I'm not a charge nurse and don't aspire to be. I am a telemetry nurse, but as everyone knows, we also take patients with other disease processes including stroke patients. Of course nurses that are not stroke certified are not assigned the stroke patients.
I have always been curious as to how the charge nurses (and/or whomever assigns the patient load for the next shift ) conclude or come to a conclusion as to what nurse is going to get what patients. Is there some kind of standard method. In some places I hear it's done in the level of acuity of the patient. In other places I hear they do it by keeping each patient load at close proximity to each other roomwise. Where I work I think they do it by trying to keep the nurse with the patients close to each other so she doesn't have to run around so much. On the other hand, I 've had nights that I have 6 total care patients or patients that require constant monitoring, or 6 patients with Peg tubes ( we allknow how long thattakes), etc. On patient loads like that, it seems like the patient load has not been evenly distributed.
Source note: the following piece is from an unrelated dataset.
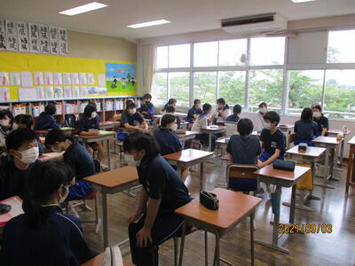 奉仕委員会で活動の反省を行いました。合わせて、3年生の卒業アルバムの撮影も行いました。もうそういう時期なんですね。後期からは、2年生を中心とした活動となります。ぜひ3年生の活動から多くのことを学んでほしいですね。
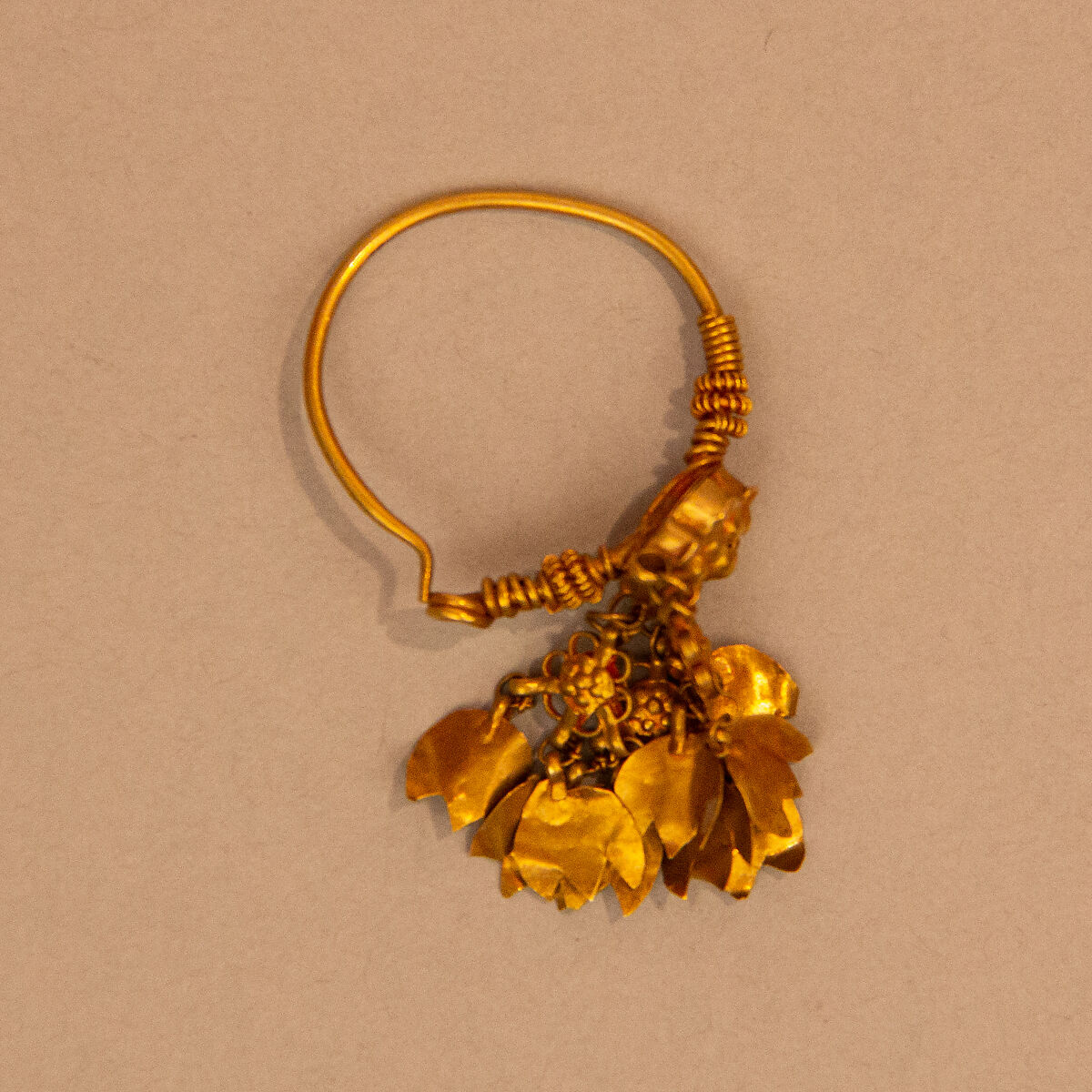 This earring, one of a set of five, is fabricated of gold and contains several floral motifs. Flat, three-petalled flowers make up the pendants at the base of the hoop, while a cast rosette can be seen at the front of the earring. These motifs reference the ancient practice of making ephemeral adornments from flowers.

If there are any charge nurses out there, I would enjoy hearing from you.
Dec 3, '11
I'm in charge orientation right now, and let me tell you making assignments is much harder than it looks. A lot of the time if you have a hard assignment, the floor might just be really heavy, and everyone has a crappy assignment.
When I am making assignments I am thinking about how stable the patient is first. Then I look at if they have feeding tubes/trachs/Q2hour T+P's. If they are back-breaking patients, confused on bed alarms/1:1's, or needy I try and spread that evenly as well. Then I ALWAYS make sure that discharges on the day shift are going to be evenly distributed. Other things go into play as well like neediness, psych issues, and location.